Marta Bassino aveva meno di un anno quando nel febbraio del 1997 Isolde Kostner e Deborah Compagnoni regalavano all’Italia ben tre medaglie d’oro nei Mondiali di casa al Sestriere. Allora, nel cuore dell’epopea delle due atlete più vincenti della storia dello sci azzurro, era difficile da prevedere, ma in quel momento si stava aprendo un digiuno che sarebbe durato per ben ventiquattro anni. Per rivedere un’azzurra sul gradino più alto del podio ai Mondiali di sci alpino, infatti, è servito aspettare che il talento di Marta Bassino crescesse e sbocciasse.
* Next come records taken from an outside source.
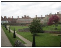
Garden view Hampton Court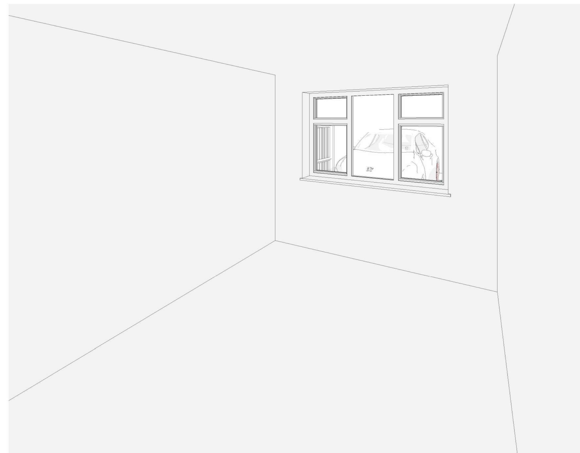
4 BEDROOM 1 VIEW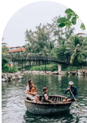
VIETNAMESE BASKET BOAT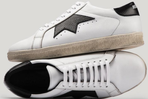
CODE : ME40200 Gender : Natural leather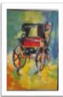
OBR-000021 AUTOR: CAROLINA RD$30,000.00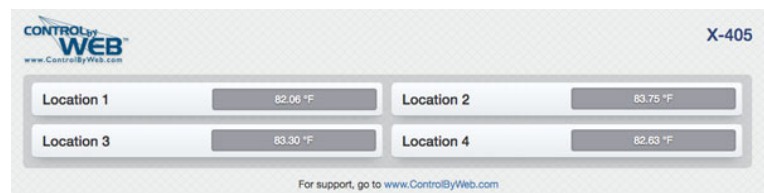
Example Control Page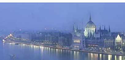
Budapest and the Danube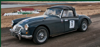
1958 MG A Roadster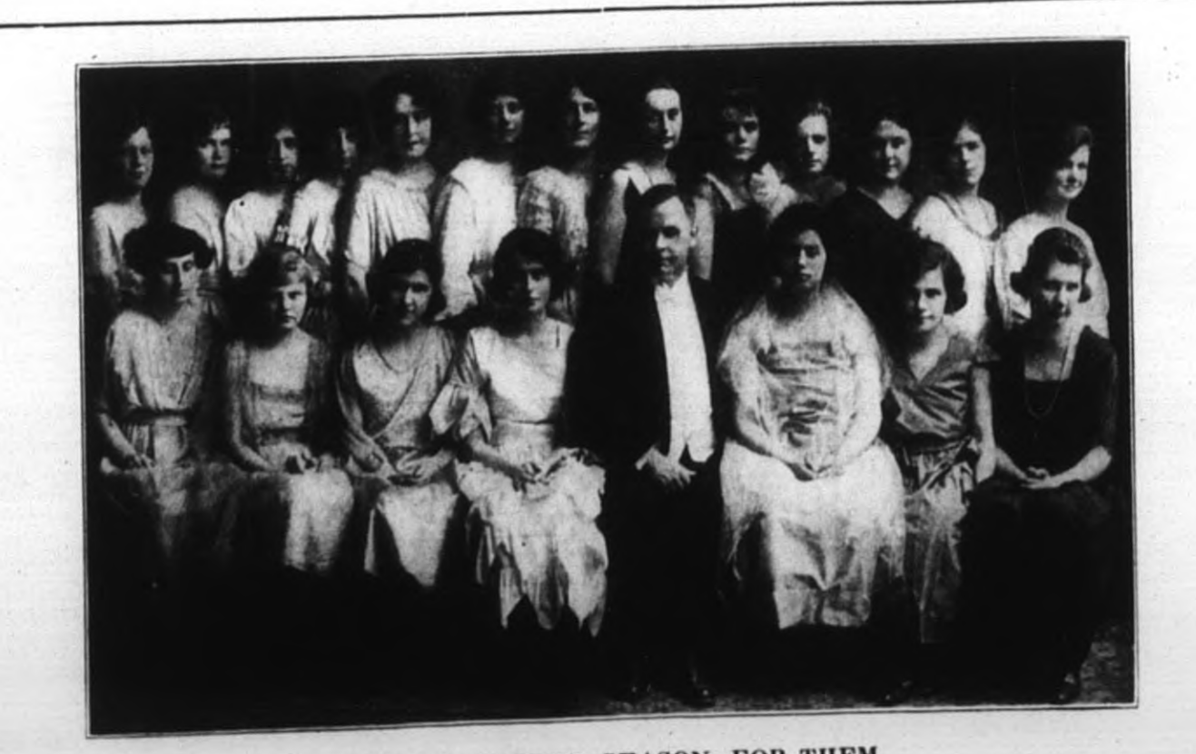
SPREAD CLOSES SEASON FOR THEM

The work of these students fur-Another feature of the program for and cozy groups were chatting to- are included in this Maroon and nished a well balanced musical entercommencement will be the baccalau- gether, some impromptu stunts and Cream. Especially notable will be the tainment for the evening, and was reate address on Sunday evening, impersonations were enacted. The cartoon and illustrating work. The greatly enjoyed by the audience. It is a tribute to the diligent work of the pupils and to the excellence of their instructors that they should perform so capably. It is only another indication that the music department of the college, though doing its work quietly, is doing it thoroughly and well.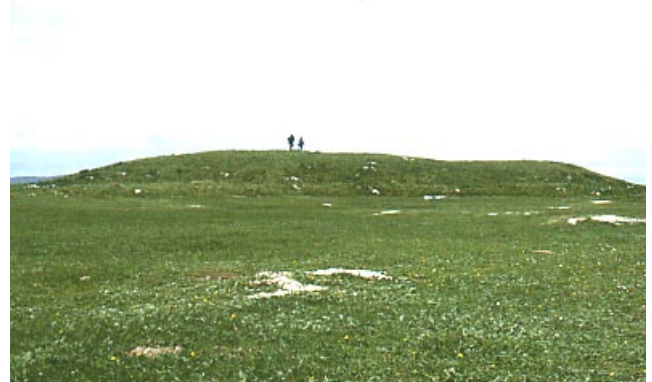
Illus 3 Rabbit damage of machair settlement mounds is extensive. White sand marks the locations of burrows into a prehistoric mound at Machair Meadhanach, South Uist.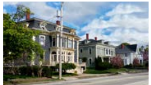
Homes protected in the Lafayette Street Local Historic District

This information is provided by Historic Salem, Inc. and is intended to be an overview for residents and neighborhoods to consider. If there is neighborhood interest in the possibility of a new or expanded LHD or establishing a NPD, the City of Salem (through the Historical Commission or City Council) would need to form a study group. The group would work with city councillors, city planning staff and interested community members to determine whether to move forward to with the appropriate option.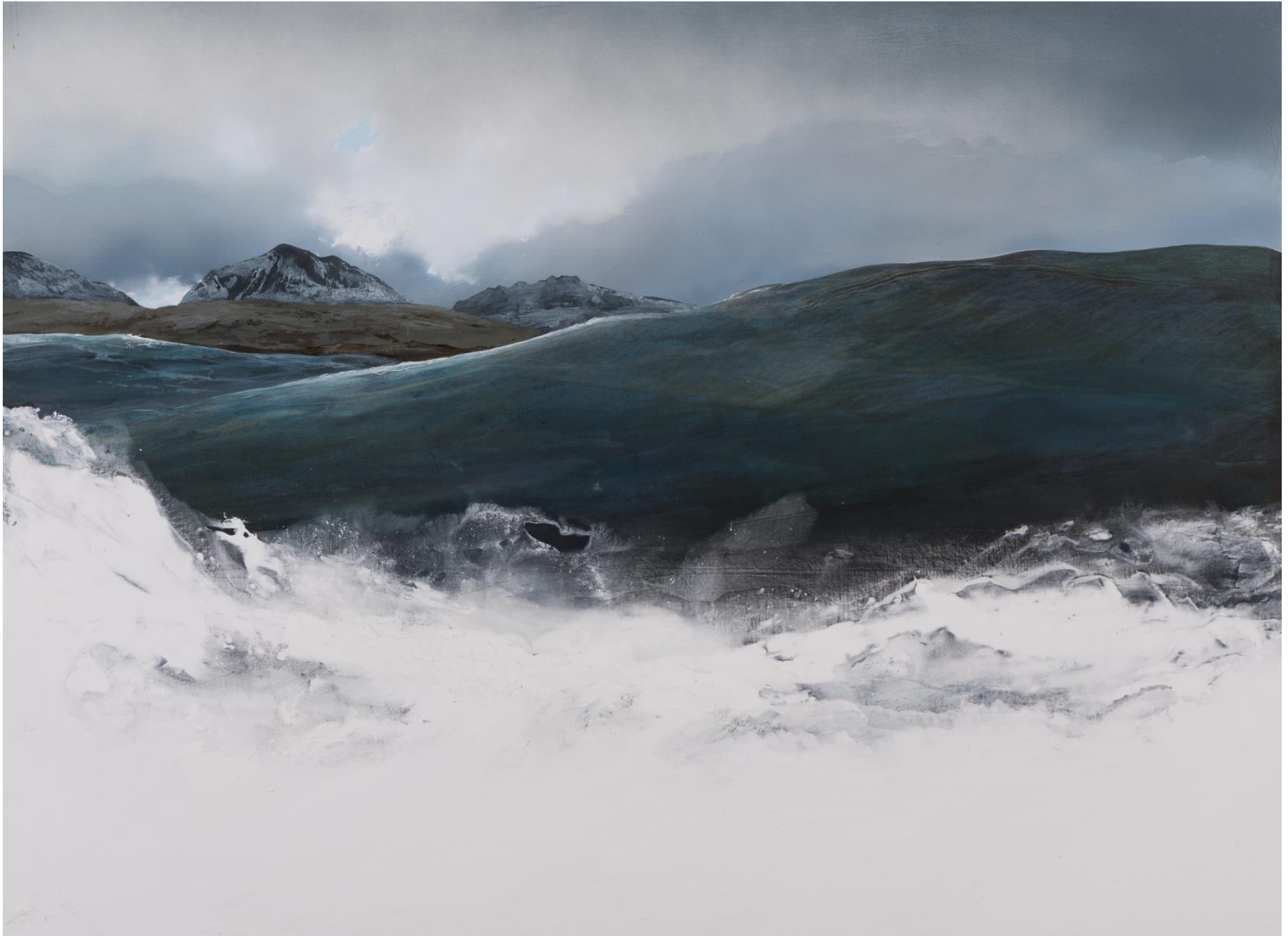
Jura island 97 x 130cm acrylic on canvas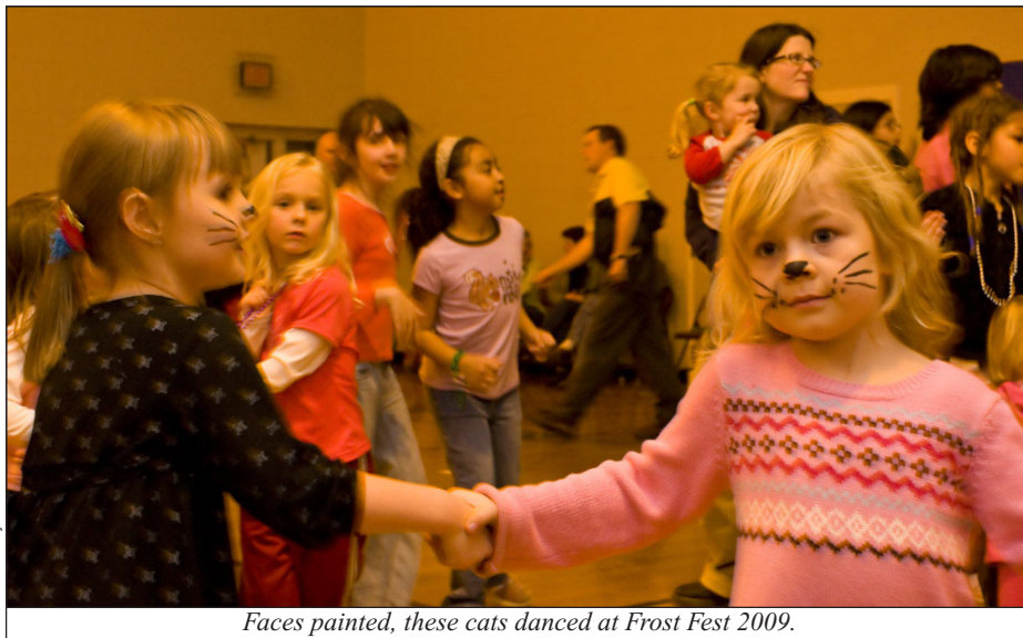
Faces painted, these cats danced at Frost Fest 2009.

2009 Frost Fest was a huge success!! With as much snow and cold weather as we have had this year how could a celebration of winter not be successful? Parents and kids of all ages filled the Pearl Park community center for good food, music and games galore, including the ever-popular cake walk. Frost Fest goers could also do craft projects and get their faces painted. The warming room was a busy place as skaters and hockey players suited up for visits to the rinks behind the community center. Marshmallow roasting was also a big hit. Kids' Dance DJ kept the younger folks (and some older ones too!) moving and grooving. A new attraction this year, the Wii was a big hit, and Frost Fest organizers are happy to report that the tv screen escaped unscathed. A big thanks to Fat Lorenzos and Carbones Pizza for donating the evening's door prizes. Another big thanks to Fat Lorenzo's and Pearl Hockey for the great food served.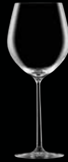
A933895 Burgundy 22 ½ oz. H 9 3/4" | D 3 1/4" 2 doz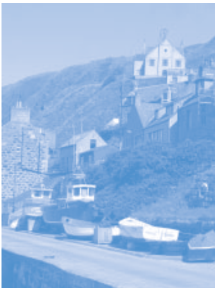
Road along harbours' edge.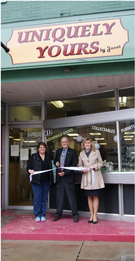
The Mon Valley Regional Chamber of Commerce recently presided over a ribbon cutting ceremonies in the Borough of Charleroi.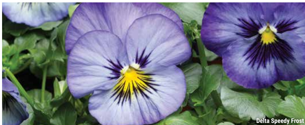
Delta Speedy Frost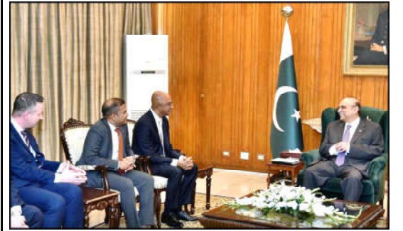
ISLAMABAD: A delegation of Air Asia Aviation Group (AAAG) called on President Asif Ali Zardari at Aiwan-i-Sadr.

The delegation apprised the president of the AAAG and its flight operations.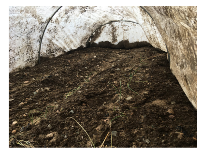
Figure 5: Tiny onion transplants inside low tunnel in December.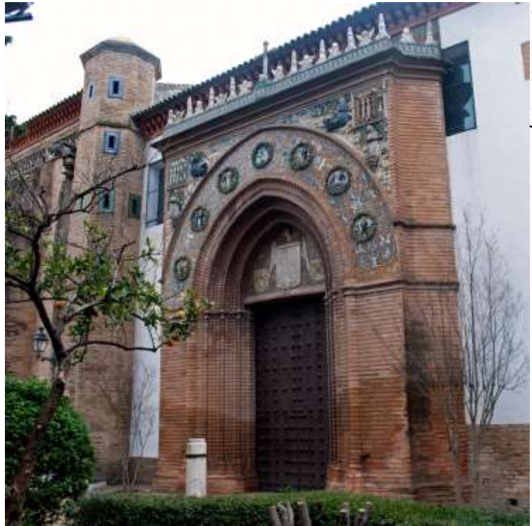
Niculoso Pisano Portal, Seville

The project will start this year and will be implemented by the Instituto Andaluz de Patrimonio Histórico IAPH. For more information about this project visit: http://www.wmf.org/project/monastery-santa-paula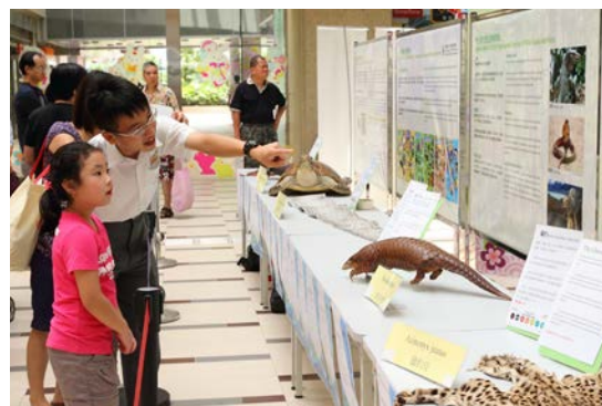
▲ Sing Yin held an Environmental Exhibition on Endangered Species Protection in Choi Tak Estate

In order to encourage environmental protection in the wider community, Sing Yin has organized projects such as the Green Family Fun Day, the Environmental Exhibition on Endangered Species Protection and the Household Energy Saving Campaign. School tours with detailed introduction to our green facilities are regularly arranged for different organisations, ranging from kindergarten and elderly centres, to community groups, professional bodies and overseas delegates.

Nelle rassegne iridate successiva a quella del 1997 per le donne dello sci italiano sarebbero arrivati diversi podi, ma mai una medaglia d’oro: un’astinenza che si è fermata ieri, martedì 16 febbraio 2021, spezzata a Cortina dalla campionessa di Borgo San Dalmazzo. Campionessa, termine che si può utilizzare senza il timore di scivolare verso l’iperbole, per un’atleta che ha dimostrato di saper mantenere nervi saldi e livelli di prestazione altissimi anche nei momenti più decisivi, come le fasi finali di un parallelo Mondiale. 
 
Campionessa anche di stile e onestà, in quel suo riconoscere senza alcun problema, a fine gara, quel pizzico di fortuna che le ha dato una spinta verso la medaglia d’oro. Ma la fortuna, lo ha scritto lei stessa in un post pubblicato su Instagram, aiuta gli audaci, e di certo da sola non basta per ottenere i risultati straordinari che sta raccogliendo in questa stagione: sarebbe ingeneroso ridurre tutto a una mera questione di buona sorte. Quella buona sorte che non basterà domani, giovedì 18 febbraio, nel Gigante che vedrà Marta Bassino la favorite d’obbligo per una medaglia e che lei ha già messo nel mirino davanti ai microfoni subito dopo l’oro in parallelo, dimostrando la “fame” tipica dei fuoriclasse. Dei campioni, appunto.